● What you will do:
Starting at the top of the listing, extract every line up to and including the one with "Belkin OmniView All-In-One". Pictures stay out of the copy.

● Material for this exercise:
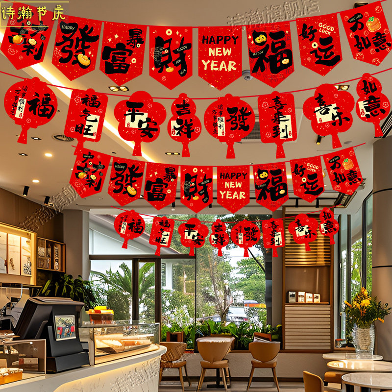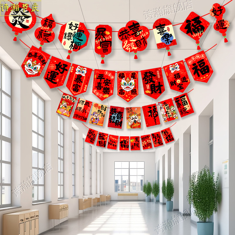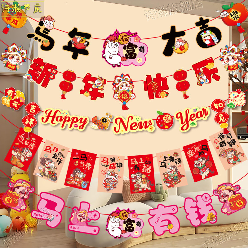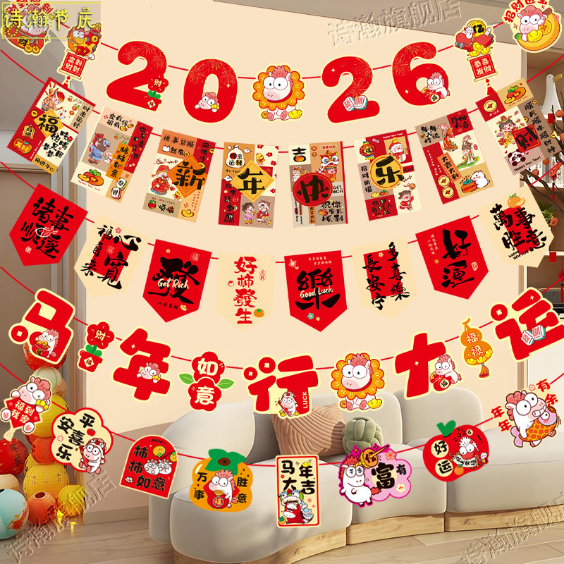 新年装饰品拉旗挂件贺年吊挂饰2026马年拉花春节过年快乐氛围布置
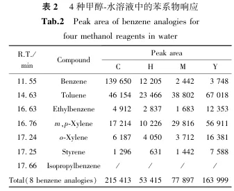 2.2 不同品牌甲醇试剂的苯系物本底情况对比
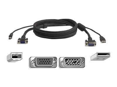 Belkin OmniView All-In-One Pro Series Plus - Video/USB-kabel - HD-15 (VGA), USB typ B till USB, HD-15 (VGA) (hane) - 1.8 m - formpressad - för P/N: F1DN102U, F1DN104U, F1DN108U
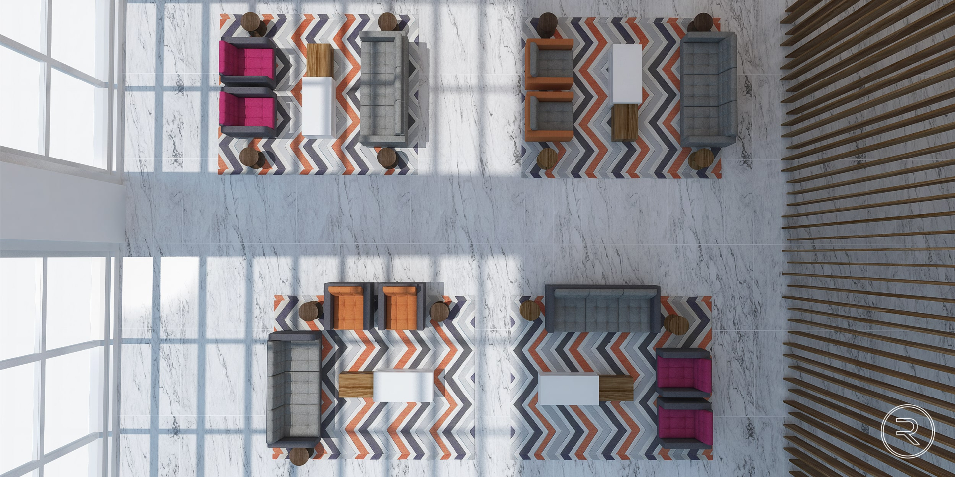 Para este proyecto se desarrollaron propuestas de interiorismo para el vestíbulo, enfocadas en crear un espacio con carácter contemporáneo, elegancia y equilibrio visual. Las diferentes opciones exploran combinaciones de materiales, texturas y mobiliario que resaltan la altura y luminosidad del lugar, otorgándole una presencia sofisticada y acogedora.
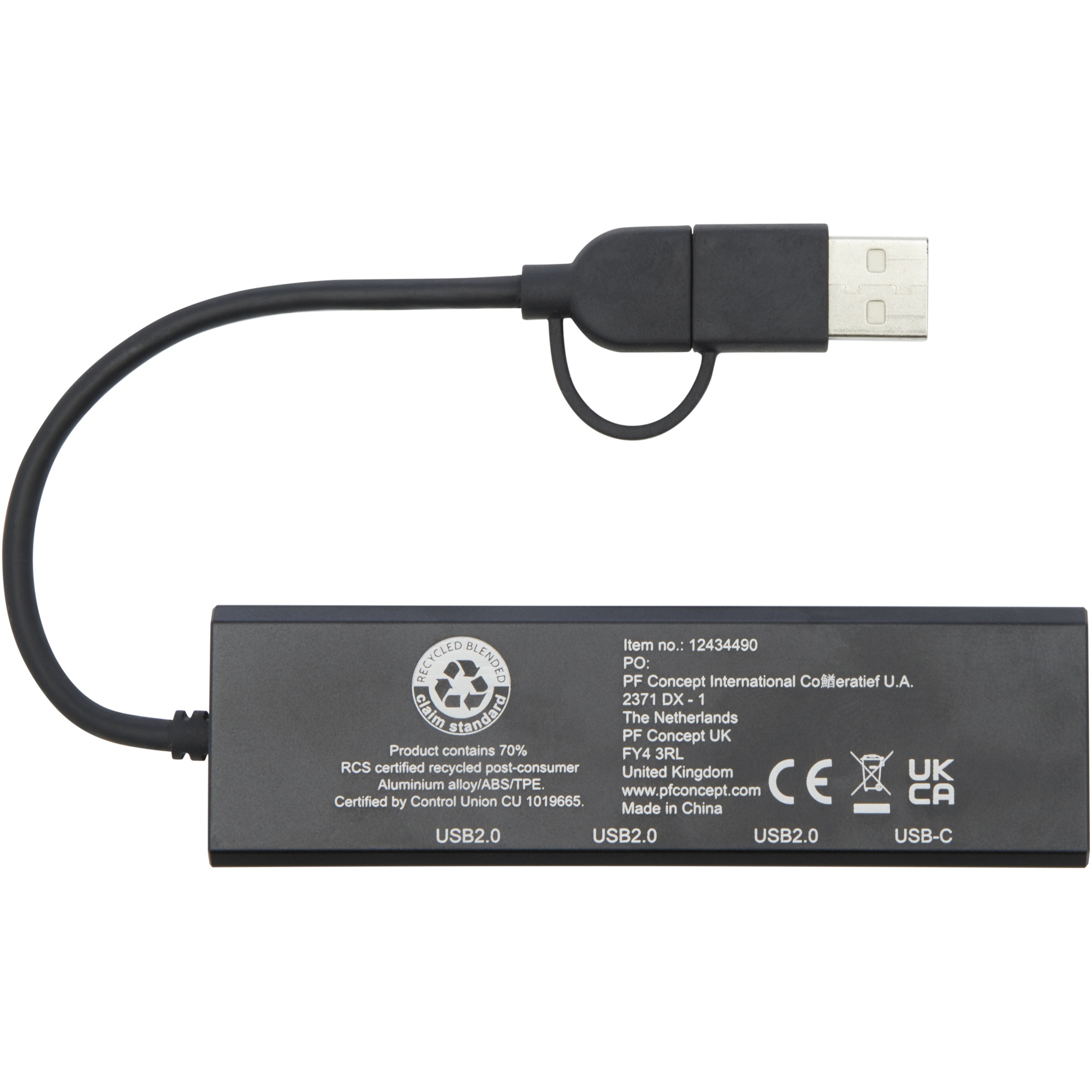USB 2.0 hub made from RCS recycled aluminium with an elegant rectangular recycled aluminium housing. It features 3x USB 2.0 ports and 1x Type-C PD (Power Delivery) port which allows you to transfer data with a transfer speed of up to 480 Mbps. The included Type-C input adapter enables you to use this device with both USB-A and Type-C equipped notebooks and computers. Delivered in a 100% recycled kraft paper box with a colourful sticker.

● Answer to the problem:
 新年装饰品拉旗挂件贺年吊挂饰2026马年拉花春节过年快乐氛围布置
 2.2 不同品牌甲醇试剂的苯系物本底情况对比
 Belkin OmniView All-In-One Pro Series Plus - Video/USB-kabel - HD-15 (VGA), USB typ B till USB, HD-15 (VGA) (hane) - 1.8 m - formpressad - för P/N: F1DN102U, F1DN104U, F1DN108U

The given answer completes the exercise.